→ Task statement
Beginning with the line containing "on Good Morning America on ABC" and ending with the line containing "portrait of parrot", write out each line of the records below exactly; pictures and lines outside that range are left out.

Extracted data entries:

··········

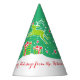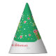 Um bonitinho chapéu de festa personalizado de renas balneares sazonais de inverno. Perfeito em tons festivos de verde, vermelho e branco. © Imagem exclusiva de rena galente saltando sobre presentes desenho original e design gráfico por Sarah Trett www.sarahtrett.com para www.mylittleeden.com no zazzle.
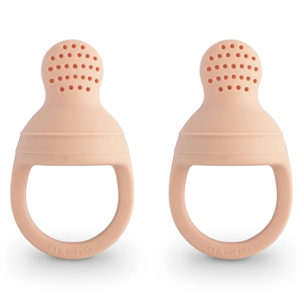 Dit barn kan smage mange forskellige ting fra starten og samtidig få alle de gode vitaminer og mineraler fra maden. Fyld Mushie food feederen med fx grønsager, frugt eller mos og grød. Udvælg naturlig
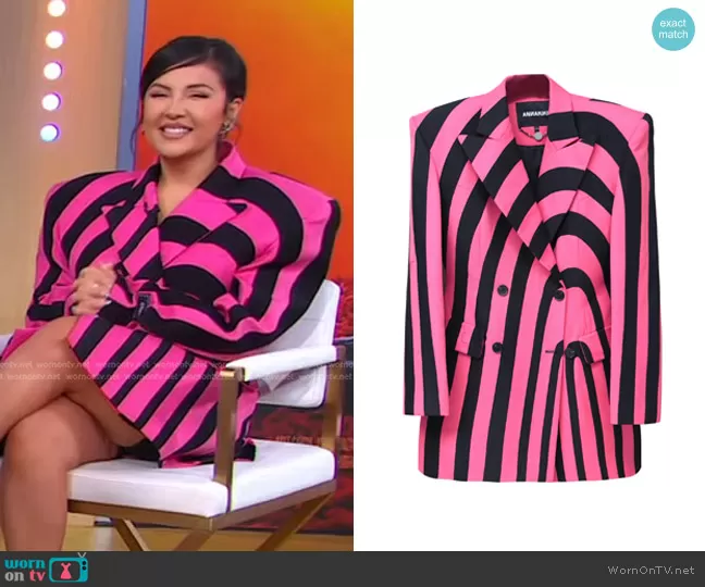 on Good Morning America on ABC was spotted wearing this black and pink striped blazer on Good Morning America on Jun 12 2023's episode. 's Jacket is the Wool Fractal Suit by Annakiki.
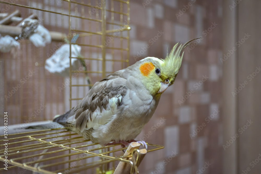 portrait of parrot cockatiel, cockatiel close-up, home parrot
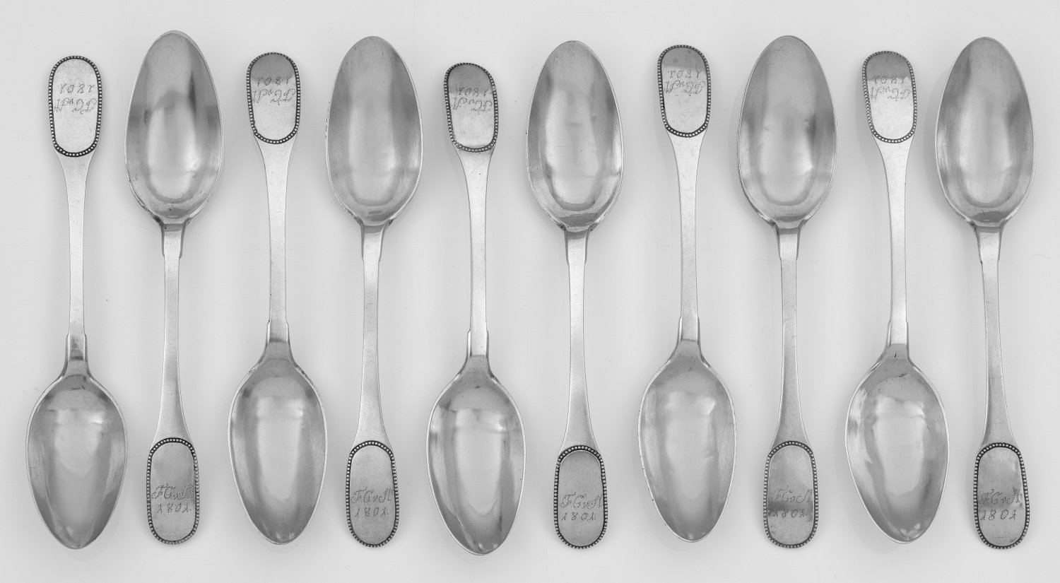 Zehn Braunschweiger Löffel Silber. Spitzovale Laffe, übergehend in spatenförmigen Griff. Am Stiel perlenumrandete Monogrammkartusche mit Punktgravur "F.C.v St 1801" über älterer Gravur von 1799. Stadtmarke, Ältermannbuchstabe S (1816-1822), Meister Johann Christoph Hildebrandt (Meister 1796). Gew. zus. 582 g. L. 21 cm.

··········

→ Exercise response
 on Good Morning America on ABC was spotted wearing this black and pink striped blazer on Good Morning America on Jun 12 2023's episode. 's Jacket is the Wool Fractal Suit by Annakiki.
 portrait of parrot cockatiel, cockatiel close-up, home parrot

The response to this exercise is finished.